CS 533 - Intelligent Agents and Decision Making
Winter 2009


Overview

In this course we will study models and algorithms for automated planning and decision making. The content will be divided into three main sections. First, we will study classical STRIPS planning where the environment is assumed to be deterministic and fully observable. We will cover the basic algorithmic paradigms including: partial-order planning, constraint-based planning (GraphPlan and Satplan), and heuristic-search planning. Next, we will study planning in the context of Markov decision processes (MDPs) where the environment is allowed to be stochastic. We will cover the basic theory and algorithms for explicit state-space MDPs. In addition, we will discuss exact and approximate techniques for factored state-space MDPs. Finally, we will study the basic theory and algorithms for reinforcement learning, where the agent is not given a model of the environment, but instead must learn to act in the world via exploration.

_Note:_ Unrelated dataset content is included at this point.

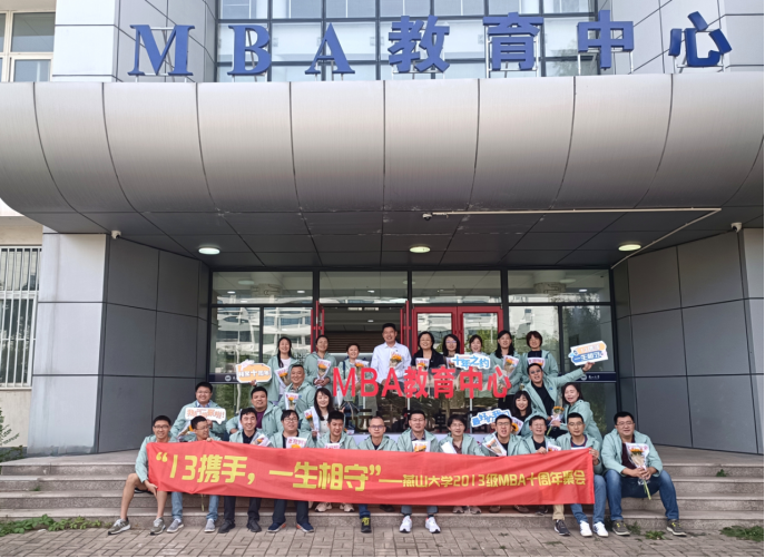 经管学院2013级MBA秋季班的同学们,迎来了入学的第十个年头, 为纪念一起走过的日子,9月23日,他们穿着统一印着“13携手,一生相守”的夹克衫,组织了“重返燕园”的纪念活动。

Learning Objectives of the Course:

1. Understand the primary paradigms and algorithms for propositional STRIPS planning.

2. Understand the basic theory and definitions of Markov decision processes.

3. Understand the basic algorithms for solving explicit state-space MDPs: value iteration, policy iteration, linear programming.

4. Understand sampling-based techniques for Markov decision processes.

5. Understand algorithms for solving factored Markov Decision Processes.

6. Understand basic reinforcement learning algorithms for explicit state-spaces, both value based and policy-search-based.

Exams

There will be two exams:
Exam I: TBA
Final exam: TBA

Assignments

The assignments in this course will consist of written problem sets, 2 mini-projects, and a final project.

Grades

The final grade will be calculated as follows: midterm 20%, final 30%, final project 20%, problem sets and mini-projects 30%. In all cases, however, the judgment of the instructor determines the final grade. In particular, class participation can affect a student's final grade.

Honor Code

Collaboration on assignments problems is permitted; copying of solutions or code is not. The work you hand in should be your own. Students should indicate on their homework, the names of all collaborators. While some students find studying together to be quite beneficial and enjoyable, I strongly encourage you to attempt to solve homework problems on your own first, as this is the only way to ensure that you have mastered the material. Generating solutions is much different than verifying solutions.